16. «МНЕ НАДО НАПИСАТЬ ЕЩЕ РАЗ»

      История может увести нас в любую сторону при условии, что мы оторвемся от нее.
Клод Леви-Стросс. «Мысль дикаря»

      (Из выступления в книге «Мое послание»)
 
      В конце июня 1989 года, измученный депрессией, я слег в постель, твердо решив не вставать, пока уныние не пройдет само по себе. Так я провел довольно много времени. Одиночество обволакивало меня будто кокон. В какую-то пятницу, незадолго до полуночи, зазвонил телефон. От неожиданности или от сонного оцепенения я помедлил взять трубку.
      — Чего вы хотите? — спросил я.
      — Мы — ничего, — ответил резкий, властный голос. — Разве не вы старались что-то разузнать? Наконец мы собрались все вместе и можем с вами поговорить.
      — Я не хочу ни с кем говорить, — сказал я. — Вы ошиблись номером.
      Я едва не повесил трубку. Голос меня остановил.
      — Это Томас Элой?
      Меня так называют очень немногие — только близкие друзья по изгнанию, а также иногда мои дети.
      — Это я, — сказал я. — Но я никого не хочу видеть.
      — Вы хотели писать об Эвите.
      — Это было давно. То, что я хотел сказать, уже сказано в романе. Он вышел четыре года назад .
      — Мы его читали, — не унимался голос. — У вас там вкралось много ошибок. Только мы одни знаем, что произошло.
      В трубке слышались посторонние звуки: невнятные разговоры, звяканье стекла и стук посуды. Похоже, то были ночные шумы ресторана.
      — Кто говорит? — спросил я.
      — Мы будем ждать вас до часу в кафе «Табак» на углу авениды Либертадор и улицы Коронель-Диас. Речь идет о трупе, поняли? Мы им занимались.
      — Каком трупе?
      В ту пору Эвита была для меня историческим, бессмертным персонажем. О том, что Она была трупом, мне в голову не приходило. Разумеется, я знал о перипетиях исчезновения ее тела и возвращения его вдовцу в Мадриде, но они уже ушли из моей памяти.
      — Что за вопрос! О трупе Эвы Перон.
      — Кто говорит? — опять спросил я.
      — Один полковник, — сказал голос. — Из Службы военной разведки.

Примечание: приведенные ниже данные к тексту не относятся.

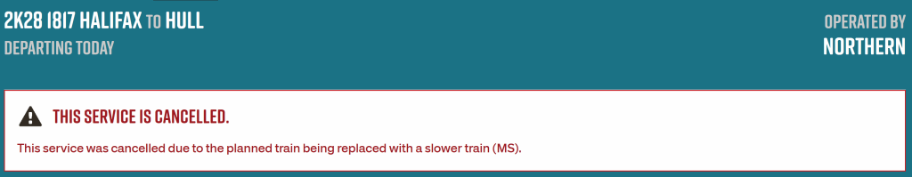 This evening I’ve been watching live train schedules on RTT and feeling sorry for the poor buggers trying to get home from places like Huddersfield, where the Trans-Pennine service appears to have gone into free-fall with many trains cancelled and the ones working in from Leeds or Manchester already rammed by the time they arrive.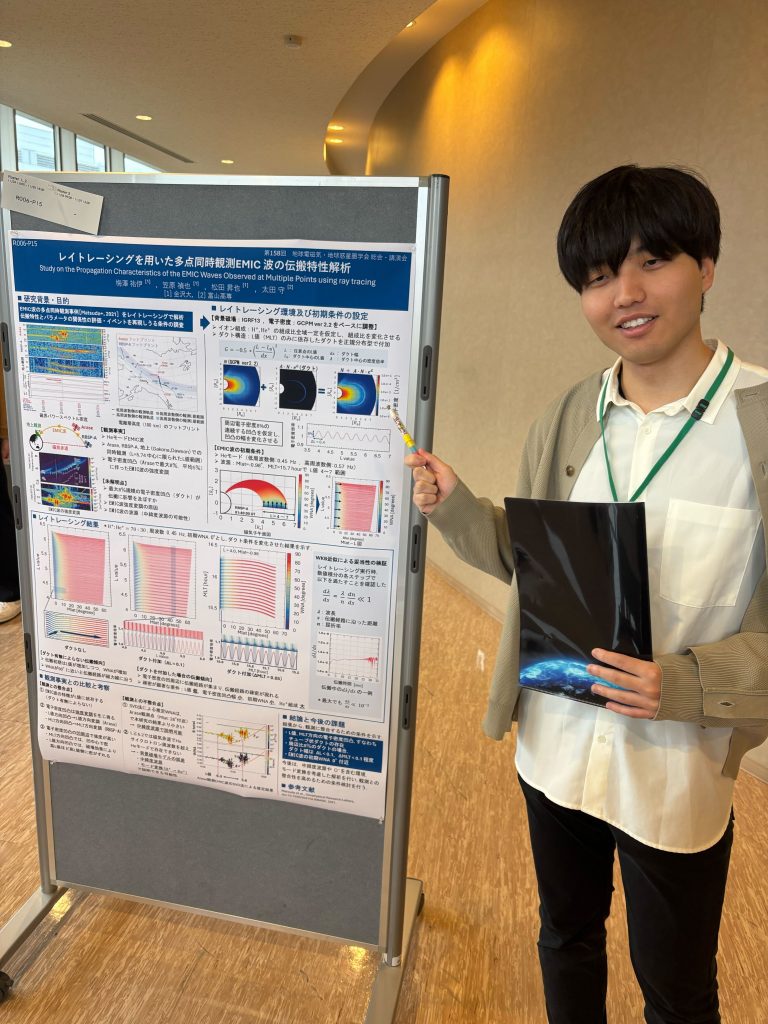 11月24日~27日に神戸で開催された第158回地球電磁気・地球惑星圏学会総会・講演会にて,当研究室の梅澤 祐伊さん(M2),大坪 靖典さん(M2),佐渡 匠さん(M2),慈道 楓真さん(M2),德田 晴哉さん(M2)と,笠原教授が,あらせ衛星の観測データを活用した科学成果に関する講演を行いました.

      При упоминании этой организации все гиены прошлого вонзили в меня свои клыки. Всего шесть лет прошло, как военные лишились власти в Аргентине, оставив кровавый след жестоких убийств. Они имели обыкновение звонить среди ночи по телефону, чтобы проверить, дома ли жертвы, и через пять минут врывались в дом, грабили имущество во имя Бога и пытали во имя отечества. Вы могли быть не повинны ни в одном преступлении, кроме преступных мыслей, и этого было довольно, чтобы каждую ночь ждать, когда постучатся в дверь всадники апокалипсиса.
      — Я не приду, — сказал я. — Я вас не знаю. Мне незачем приходить.
      Их время прошло. Но и теперь были возможны подобные выходки.
      — Как хотите. Мы уже несколько месяцев обсуждаем это дело. Сегодня вечером мы решили рассказать вам всю историю до конца.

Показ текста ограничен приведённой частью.